Allspice Spiced Hummus
A unique twist on traditional hummus, this version incorporates crushed allspice for a warm flavor profile.
- 1 can chickpeas, drained
- 2 tablespoons tahini
- 2 tablespoons olive oil
- 1 teaspoon crushed allspice
- Juice of 1 lemon
- Salt to taste
- Water as needed
- 1. In a food processor, combine chickpeas, tahini, olive oil, crushed allspice, lemon juice, and salt.
- 2. Blend until smooth, adding water as needed to reach desired consistency.
- 3. Serve with fresh veggies or whole-grain pita.
Allspice Chocolate Energy Bites
These no-bake energy bites combine oats, nut butter, and crushed allspice for a healthy snack with a hint of spice.
- 1 cup rolled oats
- 1/2 cup nut butter (almond or peanut)
- 1/4 cup honey or maple syrup
- 1 teaspoon crushed allspice
- 1/4 cup dark chocolate chips
- 1/4 cup shredded coconut (optional)
- 1. In a bowl, mix all ingredients until well combined.
- 2. Roll the mixture into small balls and place on a baking sheet.
- 3. Refrigerate for at least 30 minutes before serving.

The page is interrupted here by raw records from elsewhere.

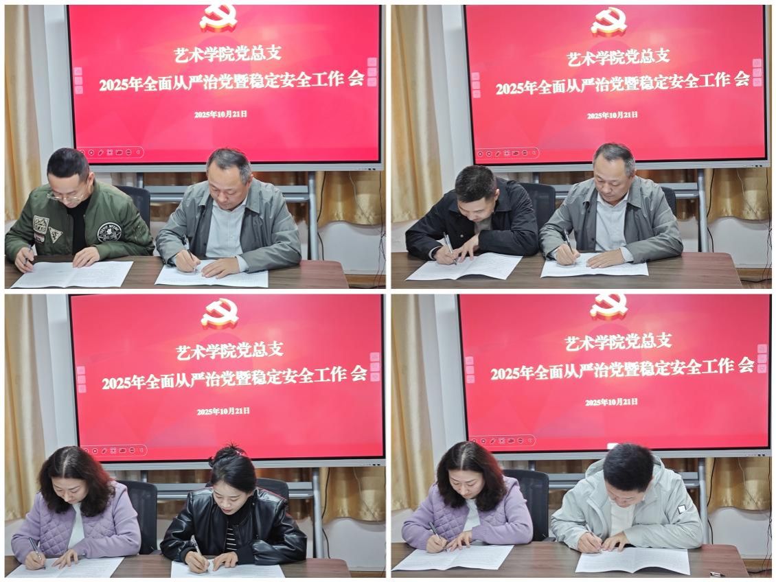 会上,党总支书记、经理分别与党总支副书记、副经理,教师党支部书记、系主任代表、党政办、教学办、学工办等相关负责人签订了《2025年全面从严治党工作责任书》、《2025年稳定安全工作责任书》。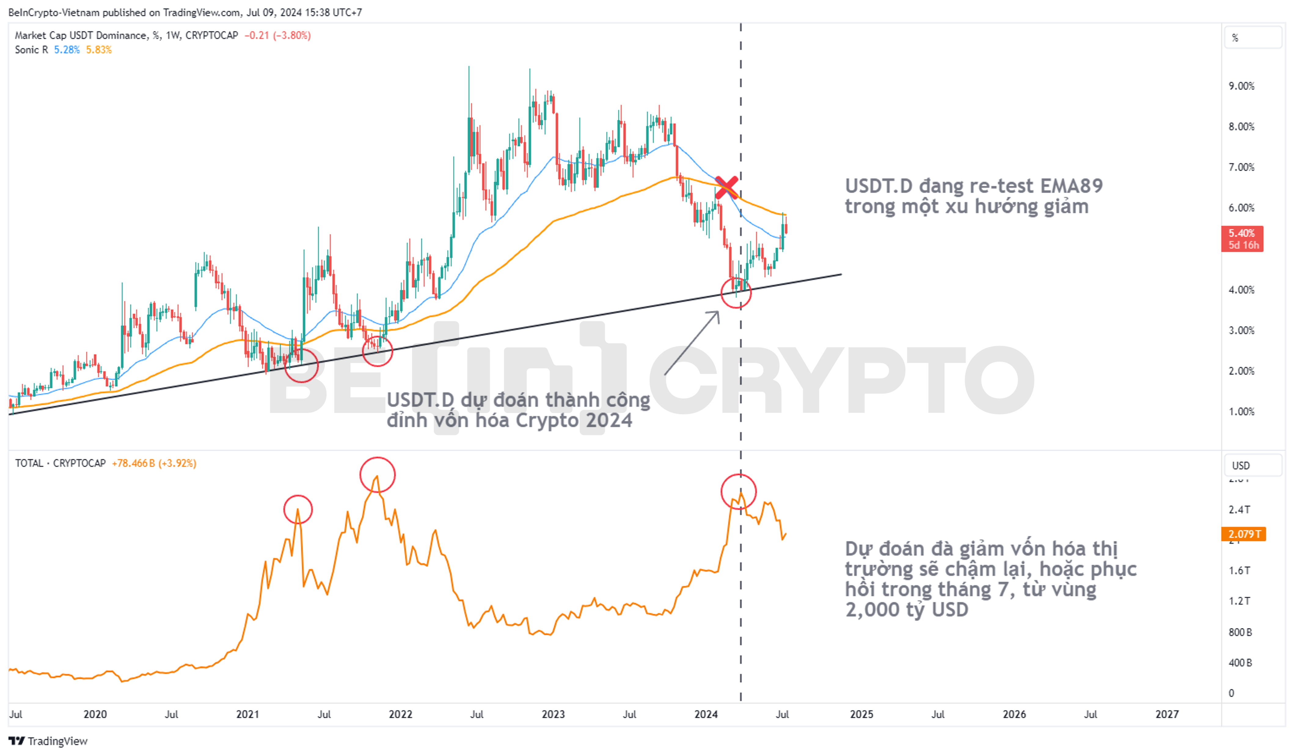 - Nếu USDT.D suy giảm từ đây, thì đồng nghĩa vốn hóa thị trường sẽ còn tiếp tục phục hồi trong tháng 7. Luận điểm này chỉ cân nhắc lại khi nào USDT.D đóng nến tuần vượt EMA89 ở 6%.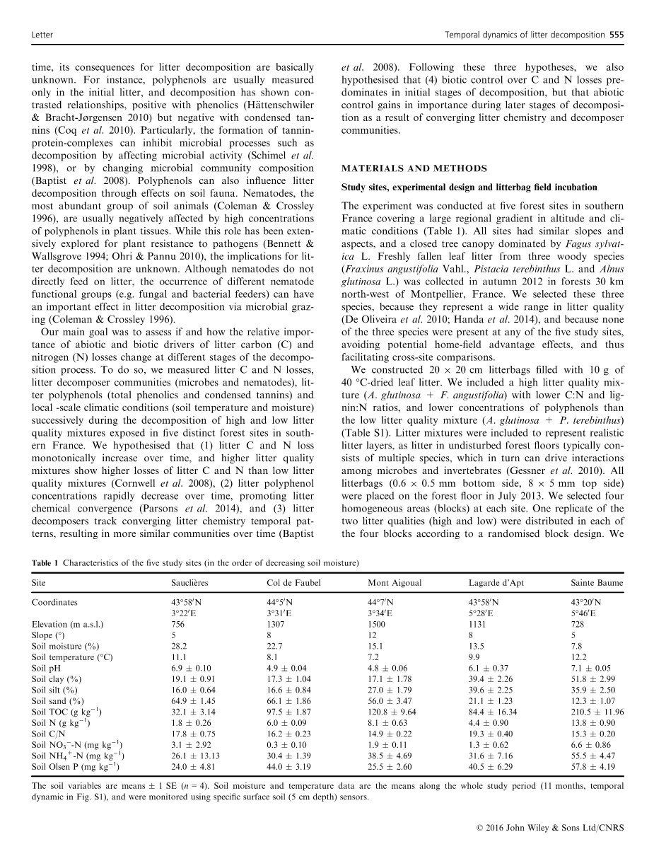 我们的主要目标是评估在凋落物降解的不同阶段生物因子和C损失,N损失等非生物因子的相关重要性是否发生变化。为了达到这个目的,我们成功地测量了法国南部五个不同的森林地点高、低凋落物混合物分解过程中凋落物C和N损失,凋落物降解群落(细菌和线虫),凋落物多酚(总酚类物质和浓缩丹宁酸)和当地气候条件(土壤温度和湿度)。我们假设(1)在降解过程中凋落物C和N损失一直单调增加并且高凋落物质量的混合物比低凋落物质量的混合物C和N损失要更多 (Cornwell et al. 2008),(2)凋落物多酚多聚物浓度随时间推移下降,促进凋落物降解 (Parsons et al. 2014),和(3)凋落盒使凋落物中化学成分变化模式趋合,使得随时间变化,形成更相似的群落(Baptist et al. 2008)。根据这三个假设,我们假设(4)对C和N损失的生物防治在代谢的初级阶段起主导作用,但这种非生物的防治在凋落物降解后期由于化学成分和降解群落的趋同也取得了重要作用。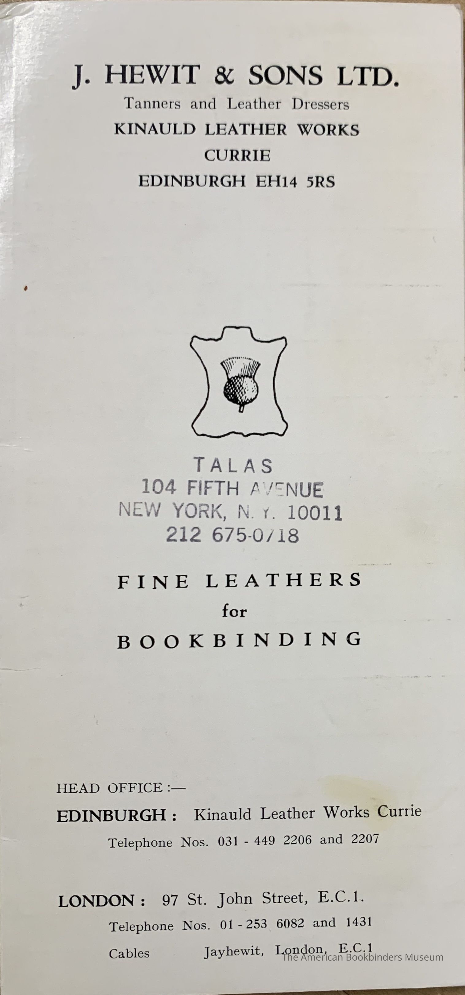 J. Hewit & Sons Ltd. ... Fine leathers for bookbindingEntry/Object ID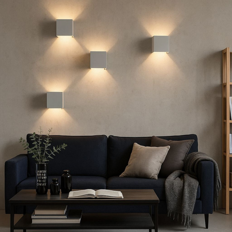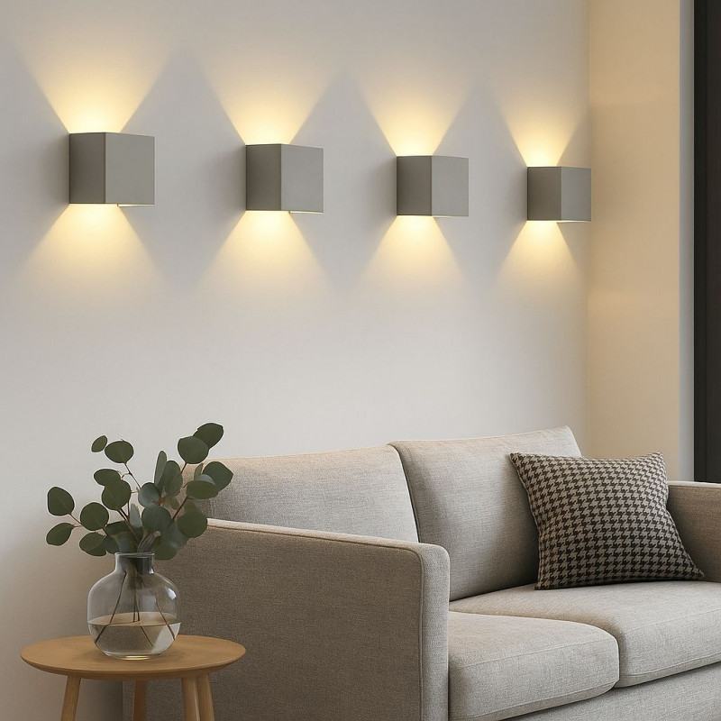 Packung mit 4 Wandleuchten von 6W mit einstellbarer Lichtöffnung sowohl für das oben als auch für das unten abgestrahlte Licht. Er ist aus Aluminium gefertigt und kann dank der Schutzart IP44 sowohl im Innen- als auch im Außenbereich eingesetzt werden. Elegantes und minimalistisches Würfeldesign. Wandleuchte mit COB-Chip. Erhältlich in drei Farben: weiß, schwarz und grau.

Frequently Asked Questions (FAQ)
What is allspice used for?
Allspice is commonly used in both sweet and savory dishes, including desserts, marinades, and spice blends.

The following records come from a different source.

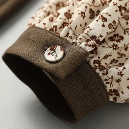 ワンピース 膝丈 レディース ファッション お洒落 春 小花柄 デザイン ドレス ハイウエスト ハイネック ブラウン きれいめ お呼ばれ こなれ感 オシャレ 20代 30代 M L XL 2XL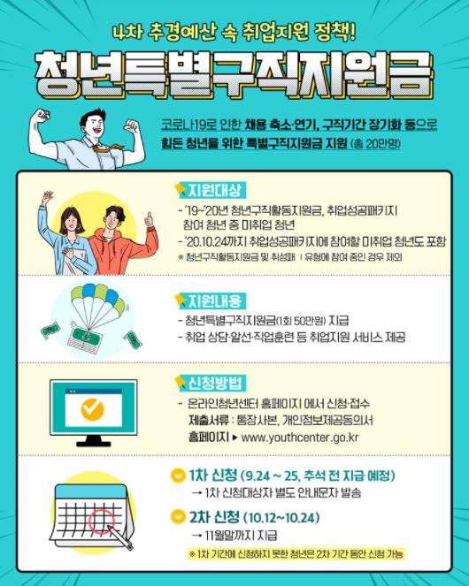 코로나19로 인한 채용 축소·연기, 구직기간 장기화 등으로 힘든 청년을 위한 ‘청년특별구직지원금’을 지원한다.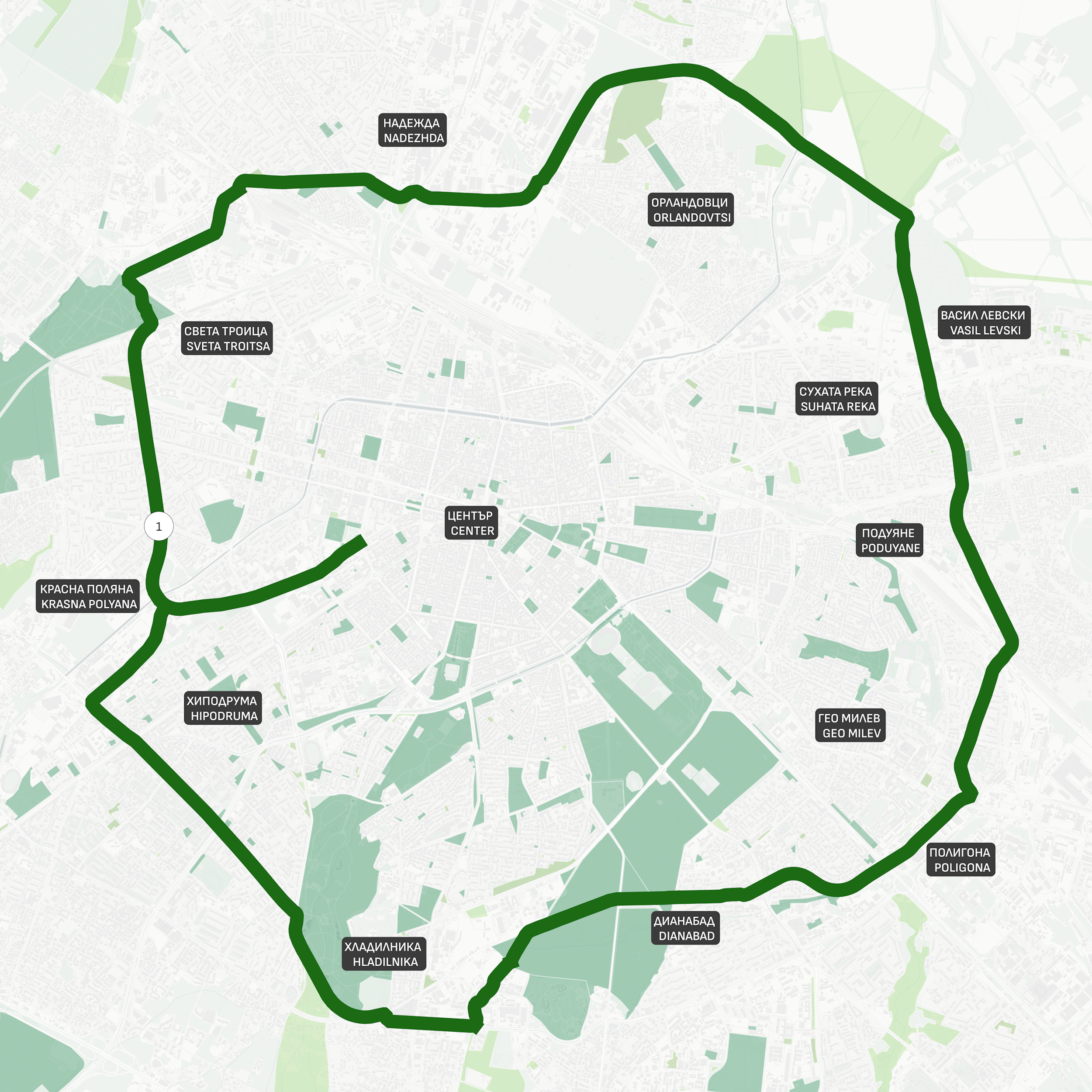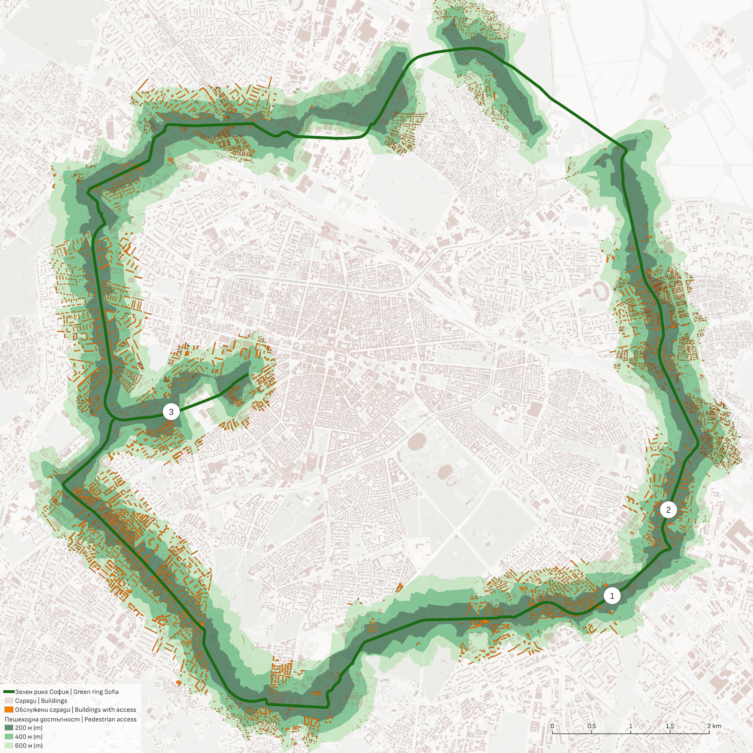 Зелен ринг София е реалистичен проект за линеен парк, който ще осигури пешеходен достъп до зелени площи на над 250 хиляди души в над 30 жилищни квартала. Около 80% собствеността на земята е общинска и държавна, а устройствените зони от ОУП са предимно за озеленяване, паркове и градини и обществено обслужване. Трасето преминава основно през резервирани, неурбанизирани територии, които ще бъдат важен фактор за изграждане на гръбнак на пешеходната и велосипедната инфраструктура.

Is allspice safe to consume?
Yes, allspice is safe for most people when used in culinary amounts.
Can allspice help with digestion?
Yes, allspice has been traditionally used to aid digestion and relieve gastrointestinal discomfort.
Does allspice have any health benefits?
Allspice contains antioxidants and anti-inflammatory compounds that may contribute to overall health.
How should allspice be stored?
Store allspice in a cool, dark place in an airtight container to maintain its flavor.
Can I use whole allspice instead of ground?
Yes, but you will need to grind it before use for better flavor release.
Is allspice the same as mixed spice?
No, allspice is a single spice, while mixed spice is a blend of various spices.
What flavor does allspice add to dishes?
Allspice adds a warm, sweet, and slightly peppery flavor to dishes.